■ Required work ■
The task for the listing below is to write out exactly the lines starting at the one containing "Hamburger or vegetarian" and ending at the one containing "또는 왼쪽 상단의 닫기", both included. Pictures are to be omitted.

■ Records to process ■
^^^^^^^^

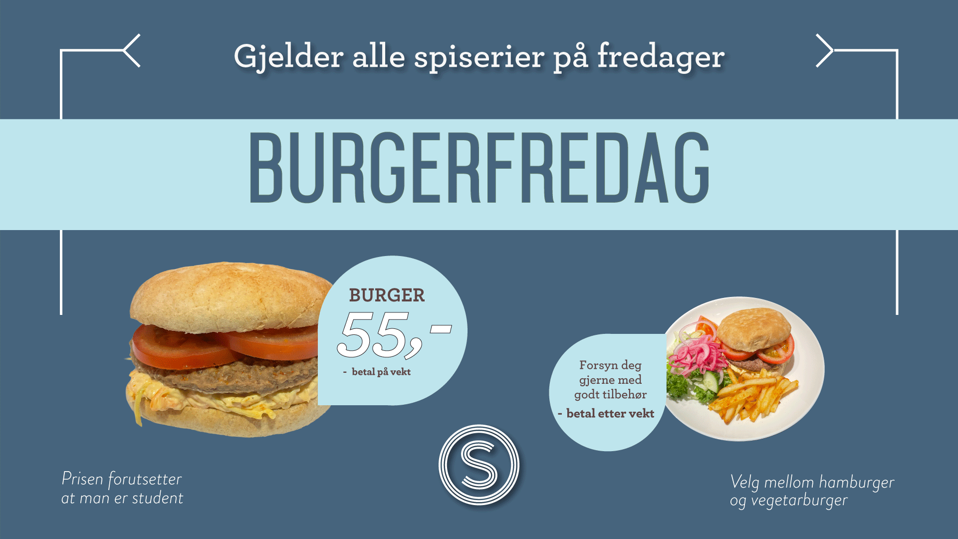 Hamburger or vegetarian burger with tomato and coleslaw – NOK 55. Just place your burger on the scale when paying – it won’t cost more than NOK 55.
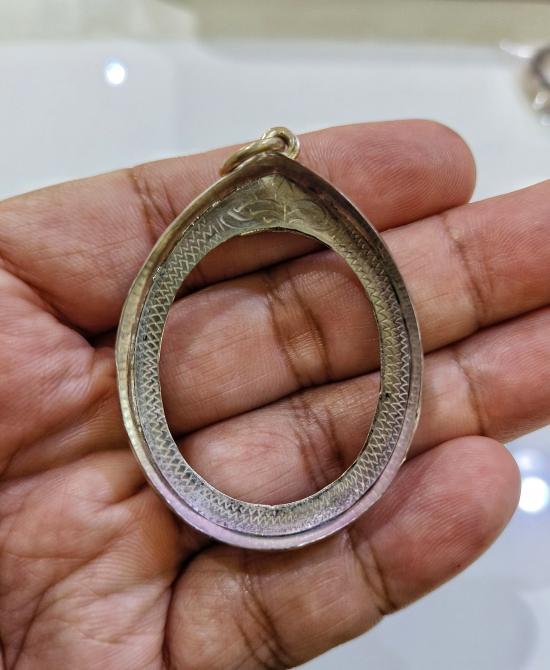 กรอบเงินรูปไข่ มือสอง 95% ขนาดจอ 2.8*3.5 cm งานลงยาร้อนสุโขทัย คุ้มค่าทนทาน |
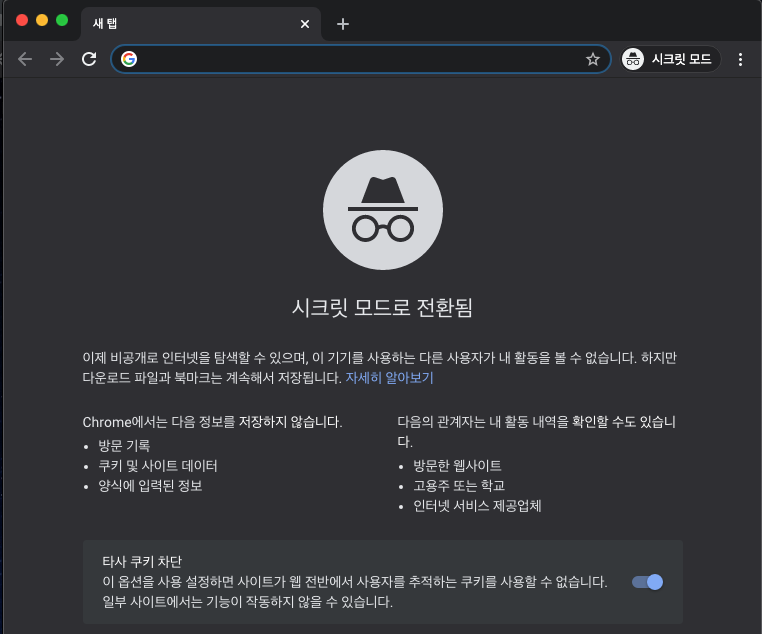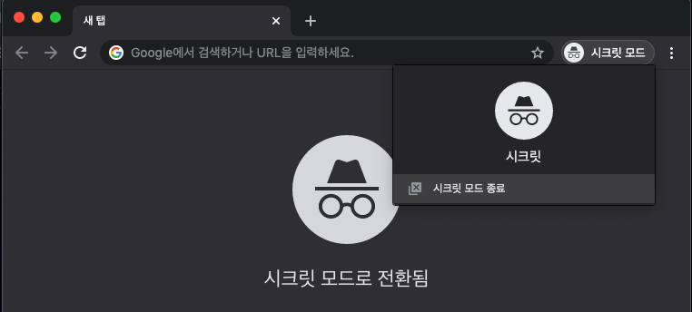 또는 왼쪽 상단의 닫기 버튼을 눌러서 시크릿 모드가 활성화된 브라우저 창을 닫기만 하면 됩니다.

^^^^^^^^

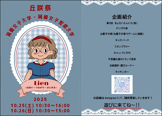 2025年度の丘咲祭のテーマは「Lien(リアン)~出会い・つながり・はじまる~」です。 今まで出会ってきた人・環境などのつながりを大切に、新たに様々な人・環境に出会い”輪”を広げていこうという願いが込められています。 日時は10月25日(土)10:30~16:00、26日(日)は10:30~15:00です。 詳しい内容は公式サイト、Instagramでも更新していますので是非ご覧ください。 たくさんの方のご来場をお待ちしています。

^^^^^^^^

■ Answer section ■
 Hamburger or vegetarian burger with tomato and coleslaw – NOK 55. Just place your burger on the scale when paying – it won’t cost more than NOK 55.
 กรอบเงินรูปไข่ มือสอง 95% ขนาดจอ 2.8*3.5 cm งานลงยาร้อนสุโขทัย คุ้มค่าทนทาน |
 또는 왼쪽 상단의 닫기 버튼을 눌러서 시크릿 모드가 활성화된 브라우저 창을 닫기만 하면 됩니다.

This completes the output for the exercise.